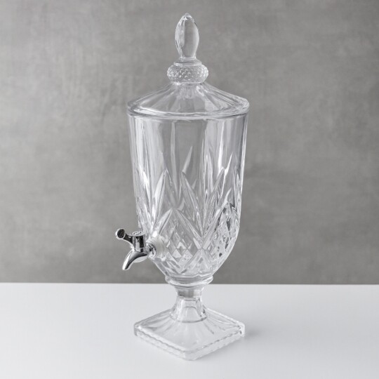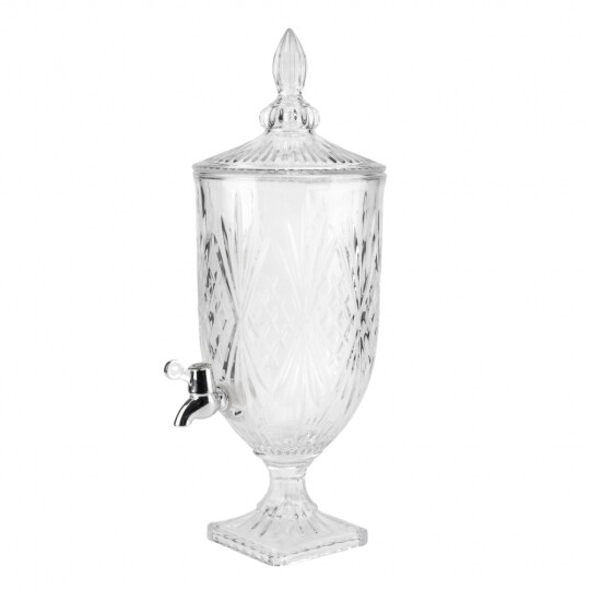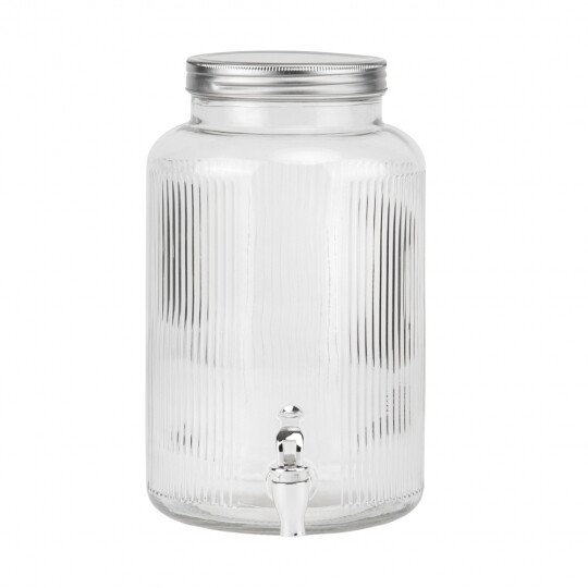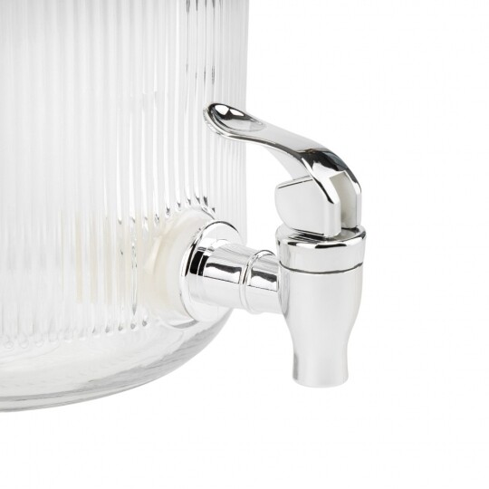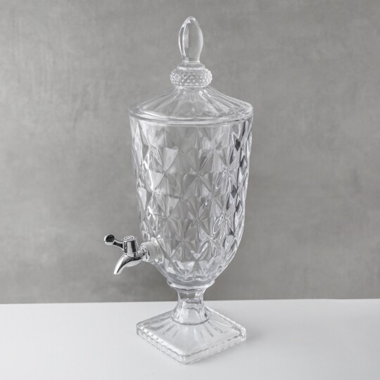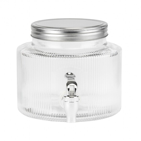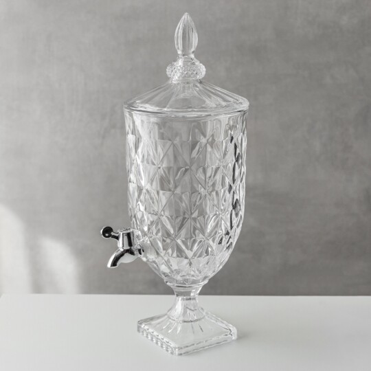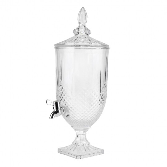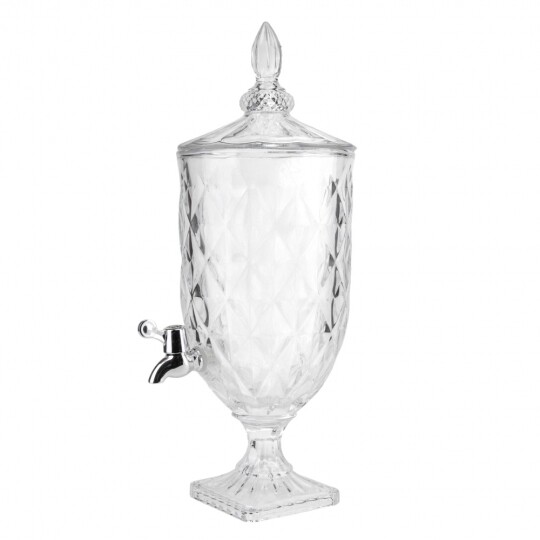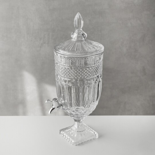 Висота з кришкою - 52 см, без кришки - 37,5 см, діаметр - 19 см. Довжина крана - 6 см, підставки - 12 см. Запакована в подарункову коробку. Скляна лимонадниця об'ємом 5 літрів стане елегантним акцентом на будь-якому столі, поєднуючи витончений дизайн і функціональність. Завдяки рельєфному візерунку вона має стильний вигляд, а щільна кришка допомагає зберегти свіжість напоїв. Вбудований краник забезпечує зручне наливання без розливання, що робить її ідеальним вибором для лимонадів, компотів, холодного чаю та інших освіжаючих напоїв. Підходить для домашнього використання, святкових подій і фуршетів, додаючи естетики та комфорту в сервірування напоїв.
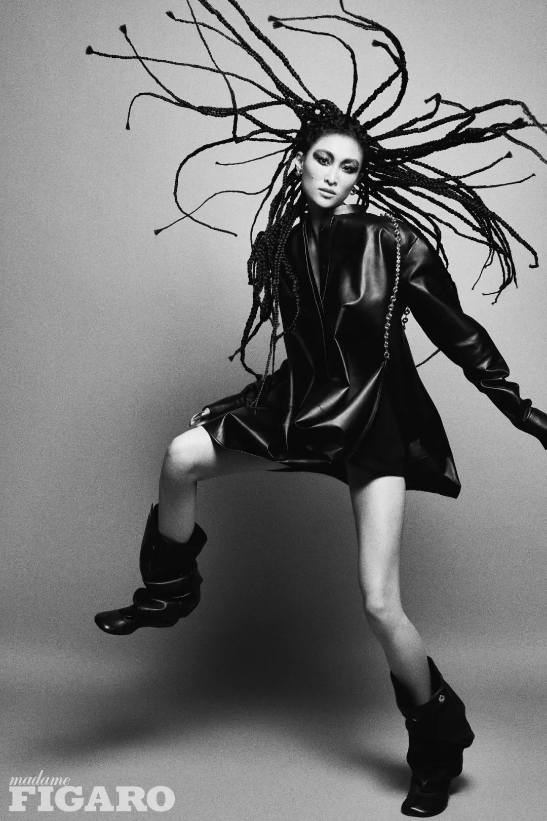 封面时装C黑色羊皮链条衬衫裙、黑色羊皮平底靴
************
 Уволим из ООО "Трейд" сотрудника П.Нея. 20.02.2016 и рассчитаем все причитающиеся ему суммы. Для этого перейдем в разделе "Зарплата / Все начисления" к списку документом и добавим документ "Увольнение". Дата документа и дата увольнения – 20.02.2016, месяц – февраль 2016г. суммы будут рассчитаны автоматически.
************
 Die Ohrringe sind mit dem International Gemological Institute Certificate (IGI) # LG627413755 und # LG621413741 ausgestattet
************
What to produce: From the listing above, restate verbatim the lines running from the one with "Висота з кришкою" through the one with "封面时装C黑色羊皮链条衬衫裙、黑色羊皮平底靴", inclusive, but not the pictures.

Response to this task:
 Висота з кришкою - 52 см, без кришки - 37,5 см, діаметр - 19 см. Довжина крана - 6 см, підставки - 12 см. Запакована в подарункову коробку. Скляна лимонадниця об'ємом 5 літрів стане елегантним акцентом на будь-якому столі, поєднуючи витончений дизайн і функціональність. Завдяки рельєфному візерунку вона має стильний вигляд, а щільна кришка допомагає зберегти свіжість напоїв. Вбудований краник забезпечує зручне наливання без розливання, що робить її ідеальним вибором для лимонадів, компотів, холодного чаю та інших освіжаючих напоїв. Підходить для домашнього використання, святкових подій і фуршетів, додаючи естетики та комфорту в сервірування напоїв.
 封面时装C黑色羊皮链条衬衫裙、黑色羊皮平底靴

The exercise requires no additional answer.